Overview of My Work on Protein Folding

In collaboration with my chemist colleague, Prof. Sharon Huo, my recent research on protein folding focuses on developing and applying various graph-based approaches for the study of protein conformations and folding pathways. We have achieved important improvements over earlier methods and obtained insightful results for the proteins under study.

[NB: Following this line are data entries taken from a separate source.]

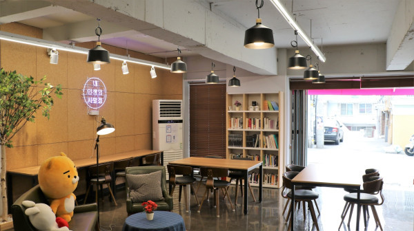 | ▲ 리모델링으로 새단장한 ‘청춘삘딩’ 1층 카페. | ||
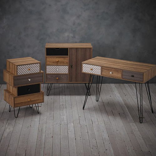 The Espana Desk can be used for business and pleasure. This piece from the Espana range can be utilised as either a desk or console table, putting it to multiple uses. It's distinctive design will add a unique look to your living room or bedroom. The foils printed on the face of the drawers, tall black wired legs and wood effect finish makes this furniture piece suit all interiors while also adding a quirky feel to the room.
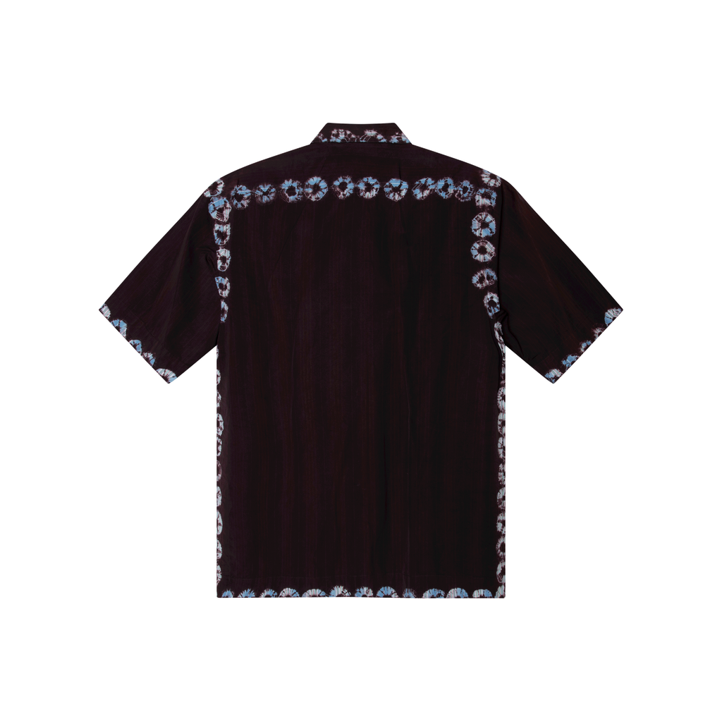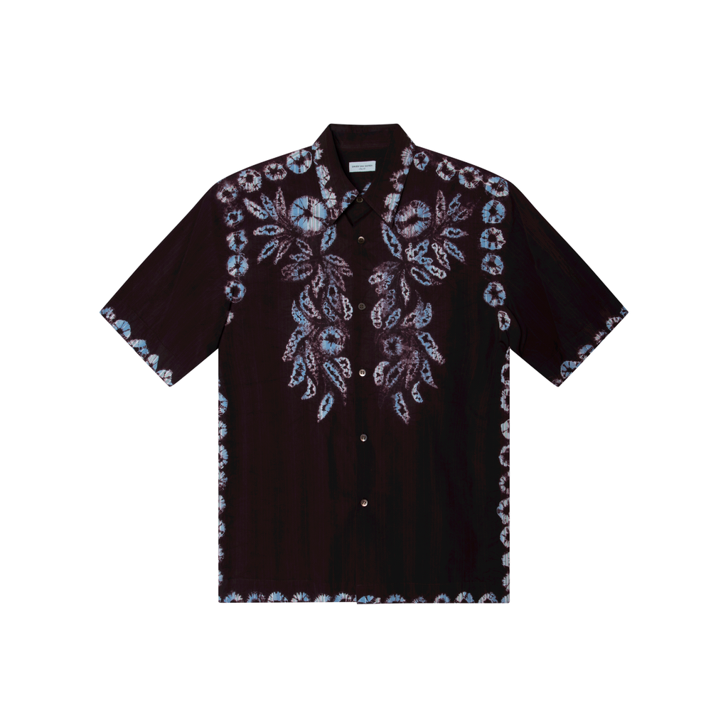 Dries Van Noten Brown Tie Dye Shirt features brown tie dye design over blue striped shirt and front button closure.
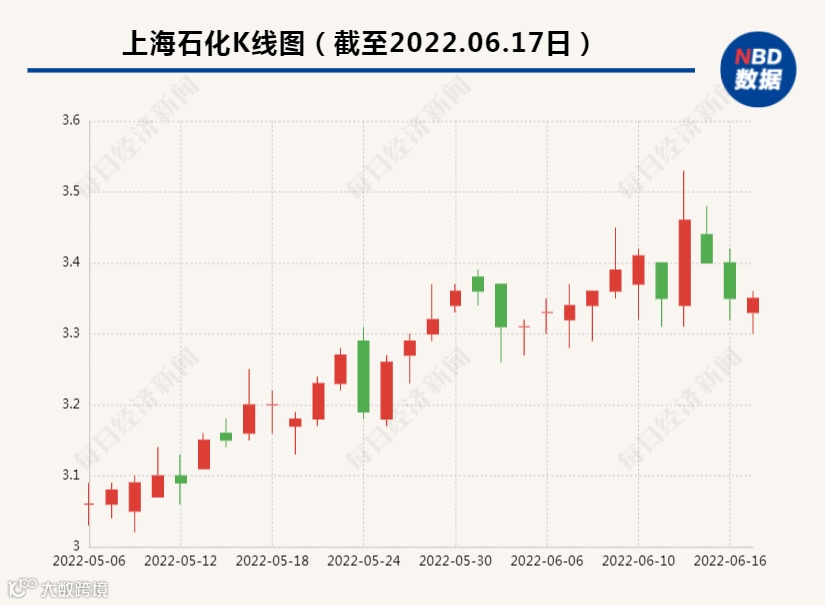 二级市场上,截至6月17日收盘,上海石化(SH600688)报3.35元/股,最新市值362.6亿元。
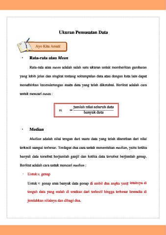 terkecil sampai terbesar. Terdapat dua cara untuk menentukan median, yaitu ketika
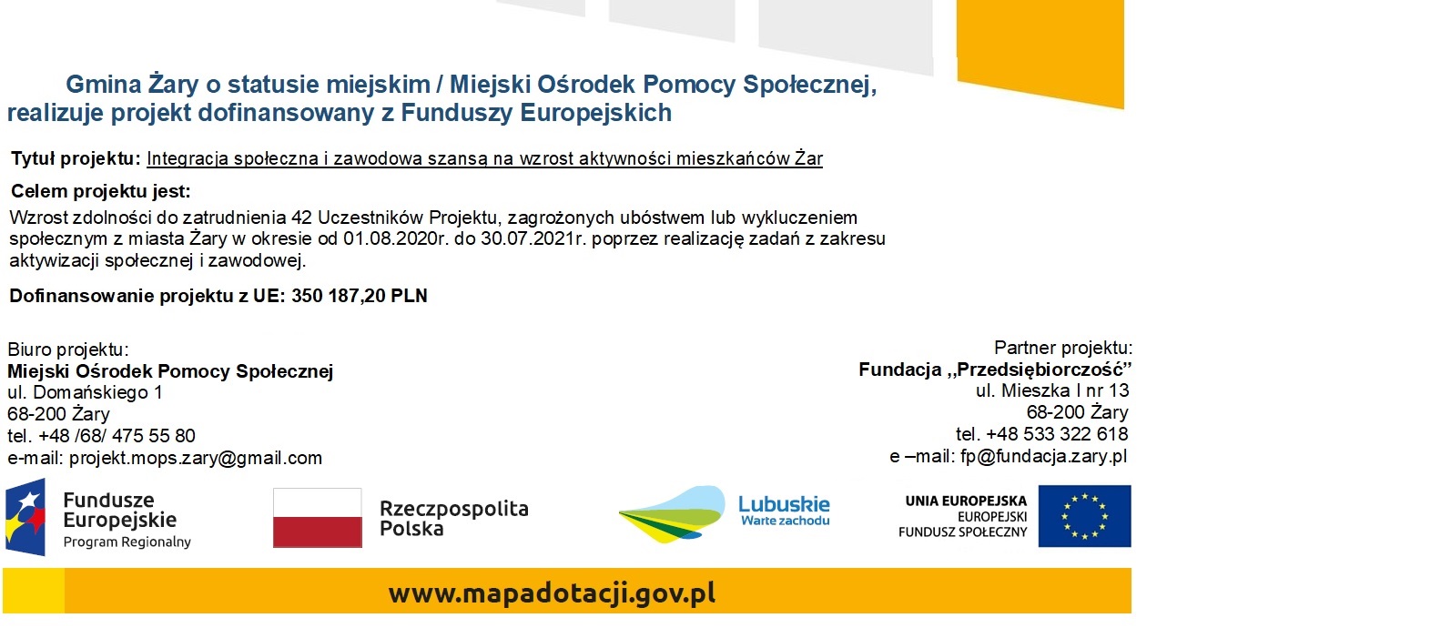 Fundacja ,,Przedsiębiorczość” partner projektu wraz z Miejskim Ośrodkiem Pomocy Społecznej w Żarach liderem projektu informuje, że od 01.08.2020 r. do 30.07.2021 r. będzie realizował projekt konkursowy w ramach Osi priorytetowej…

One aspect of our work on algorithms is built upon the probabilistic roadmap methods (PRM), which were originally developed for robot motion planning problems and have been very successful in tackling many difficult problems including some in protein folding. The general PRM methodology is to construct a roadmap to capture important features of protein conformation space and energy landscape. In turn, rich thermodynamic and kinetic information can be extracted from the roadmap and further analyzed by graph-based tools. The construction of a roadmap involves the generation of nodes for conformations and edges for direct transitions between neighboring conformations.  The following figure is a schematic representation of the PRM approach applied to the Muller potential, showing the roadmap nodes (as black dots), edges (as blue lines) and the shortest path (in red) between two potential energy minima.

We have developed our MaxFlux-PRM method to incorporate the maximum flux principle into the PRM framework and adopt several innovative techniques to address the conformation space sampling, roadmap connection, and numerical precision issues, which are important for the computational efficiency and the quality of roadmaps and folding pathways. The shortest path as found in our roadmap maximizes an estimate of the reactive flux, or equivalently minimizes the mean first passage time (MFPT), at a given temperature. The computation results in our preliminary studies are very promising and in good consistency with theoretical analysis and experimental evidence.

The following figure illustrates information of the folding path of engrailed homeodomain (EnHD) (PDB entry: 1ENH (25)) found by our algorithm:  (a)-- effective energy (potential energy plus solvation free energy), radius of gyration (Rg), and the Ca RMSD with respect to the native state as a function of the folding steps, and (b)--representative conformations (a–f) along the folding path with (d) showing the superposition of the conformations from step 29 to 32. H1-H3 denotes the three helices.

Another aspect of our work is on applying graph algorithms in the analysis and information extraction of computation data, generated through PRM methods and/or other ones.   For example, we recently used the Max-Flow formulation and algorithm to study the transitions encoded in molecular dynamics (MD) simulation data of b-hairpin and human transthyretin peptide (TTR (105-115)) dimer.  The central data structure in this work is the minimum cut tree, also called TRansition Disconnectivity Graph (TRDG), which represents the minimum cut  values among all node pairs of a graph (e.g. based on MD data in our case).  The TRDG of TTR peptide dimer is shown below. The free energy surface indicates, among other things, that both parallel and anti-parallel aggregates are populated. Further, parallel aggregates with different alignment patterns are separated by non-negligible free energy barriers.

The following figure shows some example pathways of the TTR peptide that connect the antiparallel and parallel aggregates. The paths are numbered from I to III, and the conformations along the path are numbered from 1 to 9.

Part of our ongoing research is on the development and adaptation of various graph generation and analysis methods that explore the rich information encoded in the computation data of protein studies.